In Asia, Dr. Albert Ko's project, “Research Mentoring and Building Capacity of underrepresented Minority Research Scientists in India," received a DEI supplement. The new grant will assist junior and mid-career scientists from underrepresented Indian minorities—women, scheduled castes and tribes, and religious minorities—to become better mentors to young scientists from similar underrepresented backgrounds. Finally, Fogarty also provided DEI funding to Dr. Virasakdi Chongsuvivatwong's project, “Research training and Capacity Strengthening for LMIC in Southeast Asia," to train Muslim women faculty and bachelor's degree graduates from ethnic minority groups in Sumatra, Indonesia. 

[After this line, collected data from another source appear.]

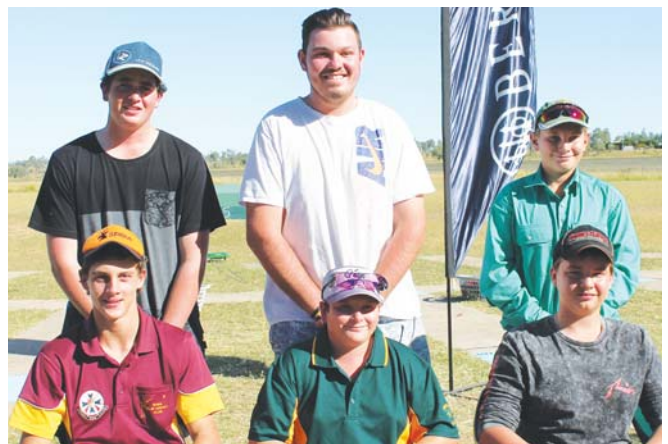
Queensland Juniors Postal Team
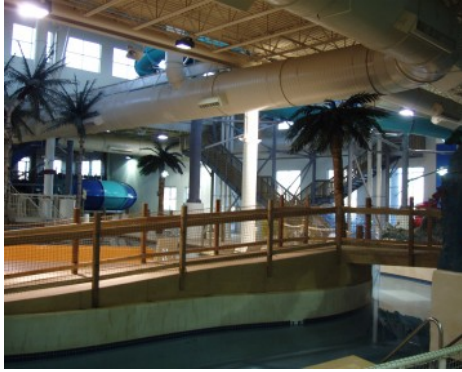
Grand Rios Waterpark - Bomanite Imprinted Concrete Systems
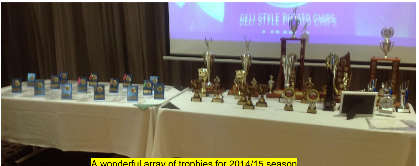
A wonderful array of trophies for 2014/15 season
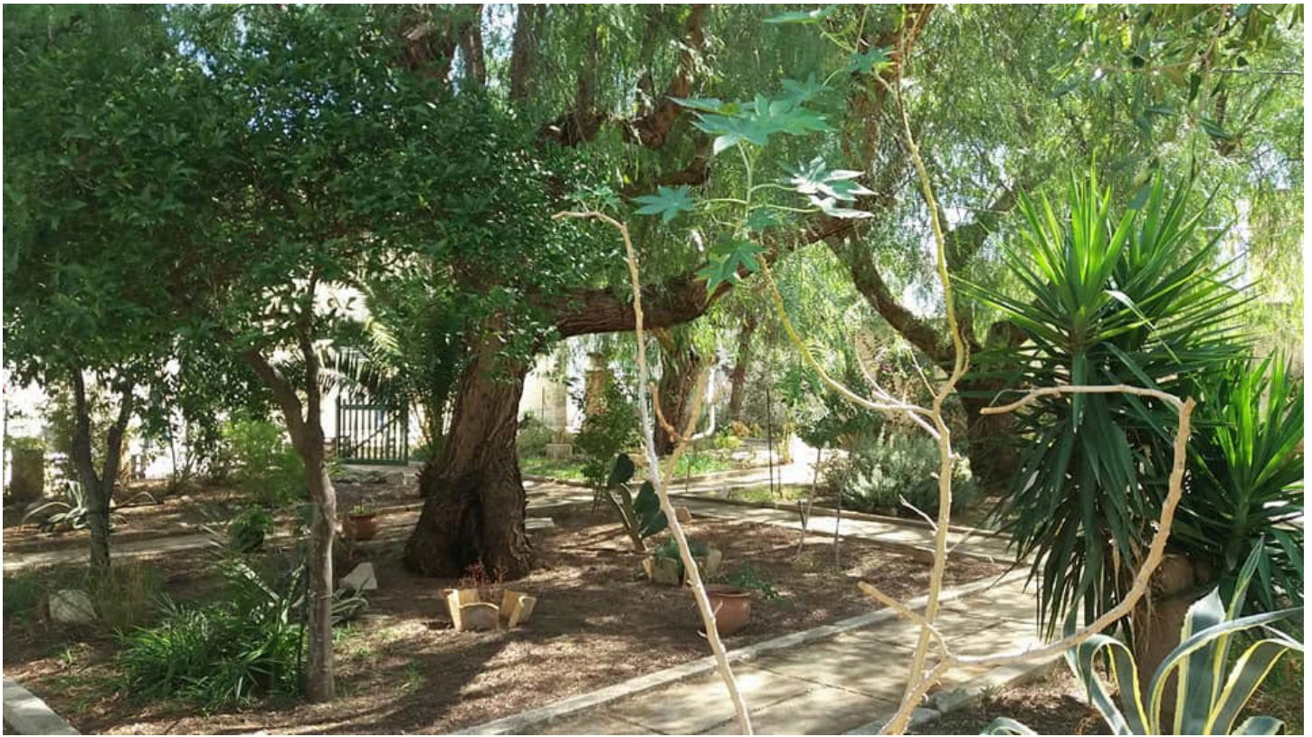
View of the plants and herb beds in the Brother Simplicius Teaching Garden.

A garden of simples that OFS of Vittoria (Sicily, Italy) offers to the town
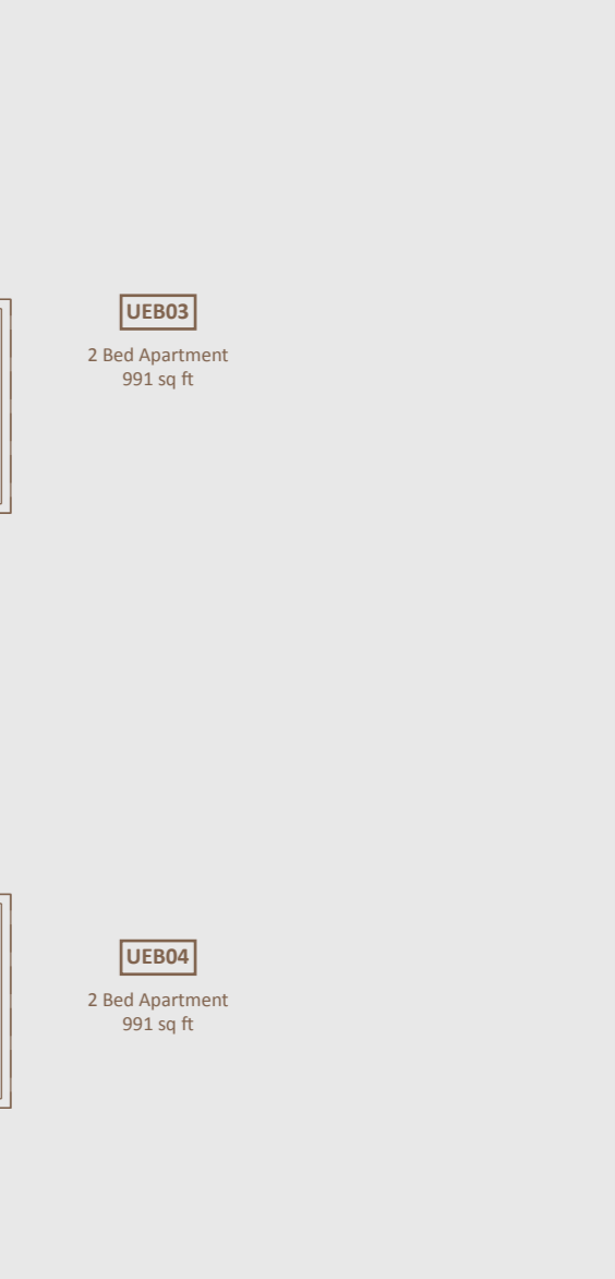
UEB04 2 Bed Apartment 991 sq ft
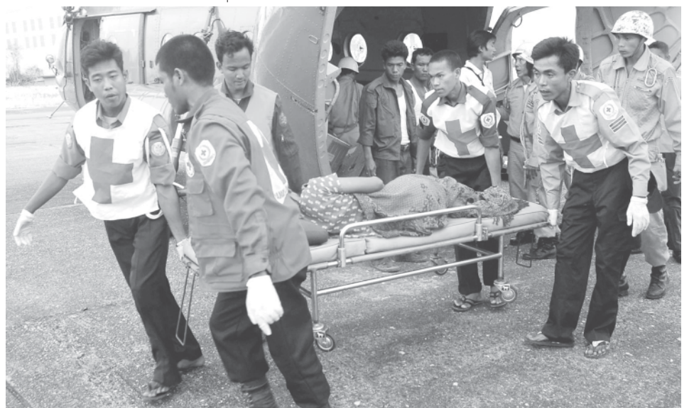
An emergency patient being conveyed to Yangon.
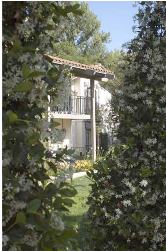
Westlake Village Inn
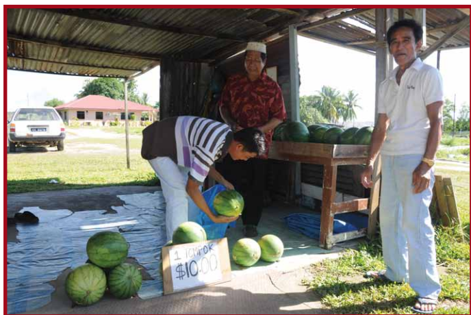
A customer purchasing watermelon.

Additional benefits of awards

“In aggregate, these 14 supplements may potentially reach hundreds of new underrepresented trainees that would not otherwise be exposed to research training," said Dr. Flora Katz, Director of Fogarty's Division of International Training and Research. She administers the DEI initiative together with the Center's extramural program officers and grants management staff. “An expected, additional benefit is that these training programs will engage new institutions—those located in the areas where these underrepresented trainees live," Katz added. Such new partnerships are likely to have a sustainable impact, with collaborating institutions possibly becoming included in future grant renewals. 

Dr. Peter Kilmarx, acting director of Fogarty, concluded, “A diverse global health workforce increases the creativity and robustness of scientific research while also increasing the probability that the health needs of all populations within society will be addressed."